Goal of the exercise
Could you give the data below again exactly, apart from the pictures?

Recorded information
======

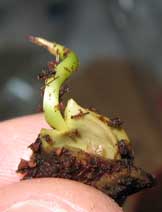 Meine Frage. Was ist das, was aus dem Samen kommt, dieser grüne Zipfel? --> Ist es die Wurzel oder ....was, das oben raus wächst -> damit ich es wieder "richtig rum" wieder setze??
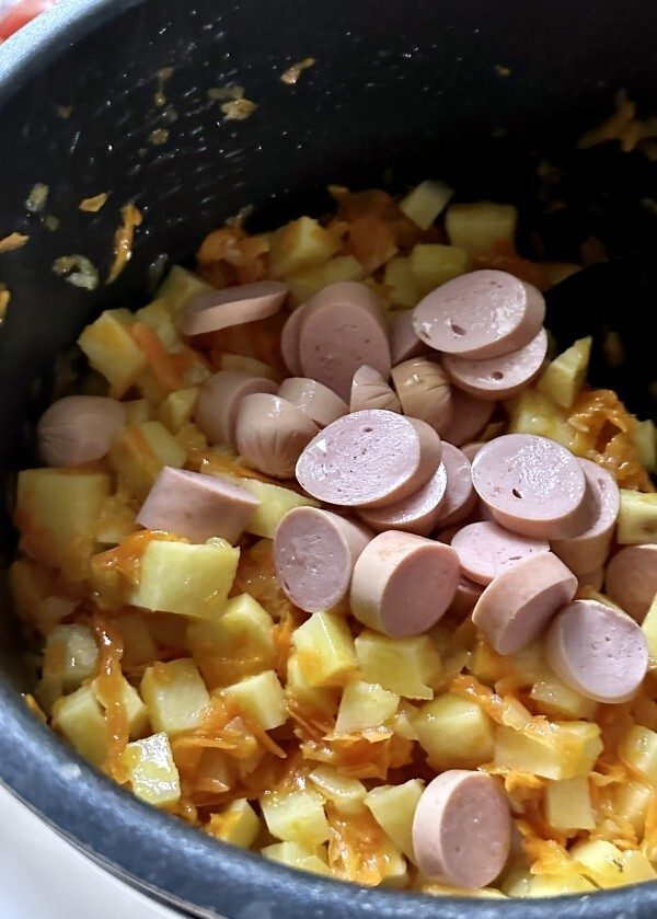 Сосиски были лишними – это да. Строго говоря, любая колбаса, например копчёная или «охотничьи» же сосиски будут ненужными. Только рёбрышки или слегка прижаренный бекон для аромата. Но это – исключительно ИМХО.
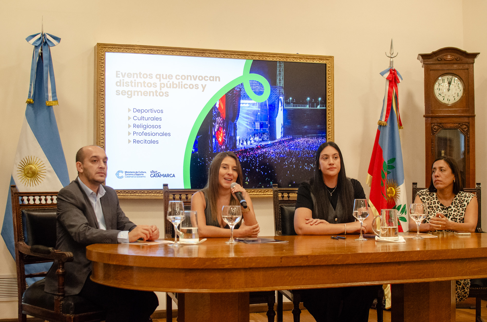 La presentación estuvo presidida por la ministra de Cultura, Turismo y Deporte, Daiana Roldán, junto a la secretaria de Gestión Turística, Evangelina Quarín, el secretario de Deportes, Guillermo Perna y la secretaria de Gestión Cultural Laura Maubecin y se realizó ante una importante cantidad de prestadores de servicios del sector privado entre los que se encontraban organizadores de eventos, representantes del sector hotelero, agentes de viajes, servicios de gastronomía y de transporte.
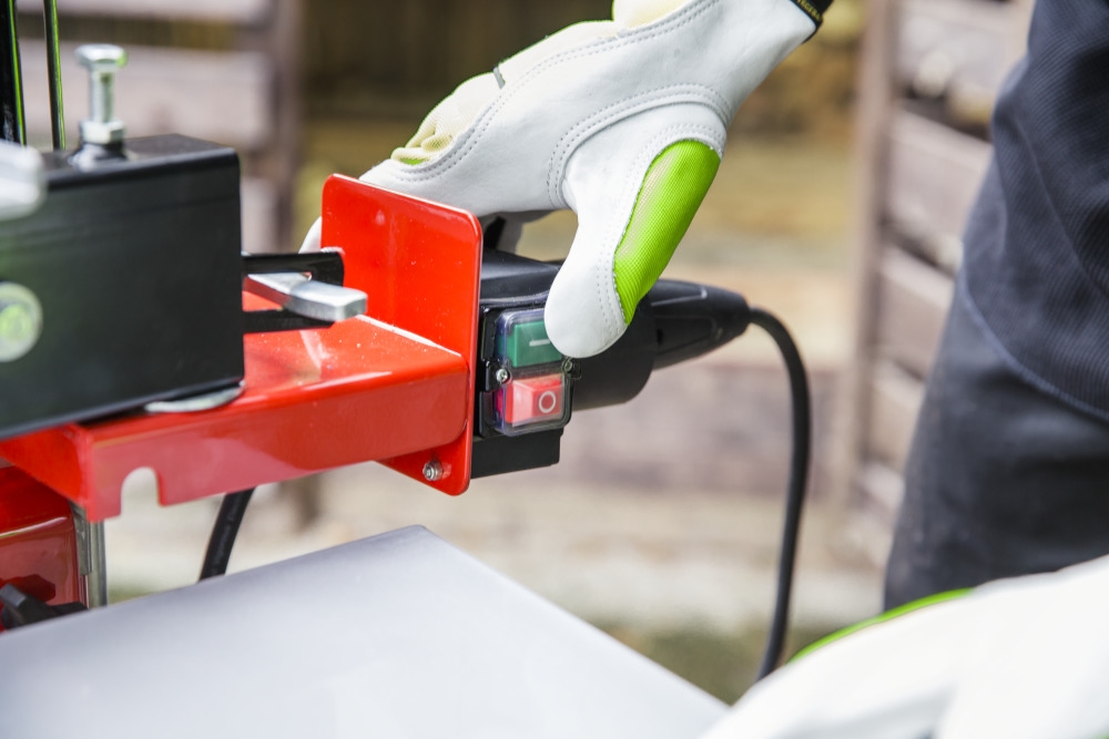 Navzdory obouručnímu ovládání, bezpečnostním prvkům a souvisejícímu snížení rizika, doporučujeme při práci se štípačem nosit bezpečnostní obuv, obranné brýle a rukavice. Při provozu se ujistěte, že je štípač dřeva postaven na pevný a rovný povrch.

======

Response to the task
 Meine Frage. Was ist das, was aus dem Samen kommt, dieser grüne Zipfel? --> Ist es die Wurzel oder ....was, das oben raus wächst -> damit ich es wieder "richtig rum" wieder setze??
 Сосиски были лишними – это да. Строго говоря, любая колбаса, например копчёная или «охотничьи» же сосиски будут ненужными. Только рёбрышки или слегка прижаренный бекон для аромата. Но это – исключительно ИМХО.
 La presentación estuvo presidida por la ministra de Cultura, Turismo y Deporte, Daiana Roldán, junto a la secretaria de Gestión Turística, Evangelina Quarín, el secretario de Deportes, Guillermo Perna y la secretaria de Gestión Cultural Laura Maubecin y se realizó ante una importante cantidad de prestadores de servicios del sector privado entre los que se encontraban organizadores de eventos, representantes del sector hotelero, agentes de viajes, servicios de gastronomía y de transporte.
 Navzdory obouručnímu ovládání, bezpečnostním prvkům a souvisejícímu snížení rizika, doporučujeme při práci se štípačem nosit bezpečnostní obuv, obranné brýle a rukavice. Při provozu se ujistěte, že je štípač dřeva postaven na pevný a rovný povrch.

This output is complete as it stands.